奏 〜Fantasia for piano〜

◇◇◇

十一月三日、文化の日。
今日はいよいよ音楽祭の当日だ。

抜けるような秋晴れの空が気持ちいい。

今日の最高気温は十六度予報で、日中は薄手のコートもいらないような陽気になりそうだ。


十時から始まった音楽祭の観客席に今、私と梨奈がいる。

私達の出番は十二時十五分予定で、後三十分ほどある。

それまでは客として、音楽祭を楽しむつもり。


芸術の森野外ステージは、その名の通り、木々に囲まれた自然溢れる場所にある。

周囲には音楽と美術の関連施設が点在し、この辺一帯は市内最大の芸術スポットとなっている。

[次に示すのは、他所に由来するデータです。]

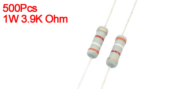 500Pcs 1W 3.9K Ohm 5% Tolerance Metal Oxide Film Resistor Axial Lead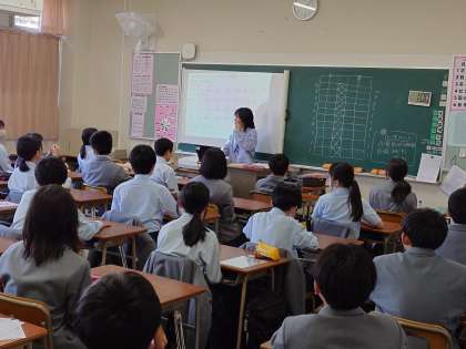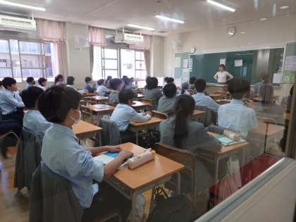 部屋割り、バス座席、学級目標決定に続き、1日目の晩に行われる室内レクリエーションの種目決めを行いました。指示を受けたあとは、生徒たちで話し合って取り組みを進めました。

周囲の木々は紅葉も終わりを迎え、葉を落として寒そうな木もある。

でも針葉樹の割合が高いので、緑に白いステージが映えて美しい。

ステージの大きくせり出した屋根の下は五十席ほどの椅子席で、チケットが割高の指定席となっている。

屋根のない部分は、芝生の自由席。

クラシック音楽の好きな客達は持参のシートに座り、防寒対策に毛布まで用意しているお年寄りもいた。


私と梨奈も芝生の上にシートを広げて座っている。

今、演奏中なのは、梨奈の先輩が所属する市民オーケストラ。

有名なロッシーニの『ウィリアムテル序曲』の軽快なメロディに、梨奈は体を揺らしてリズムを刻み、楽しんでいた。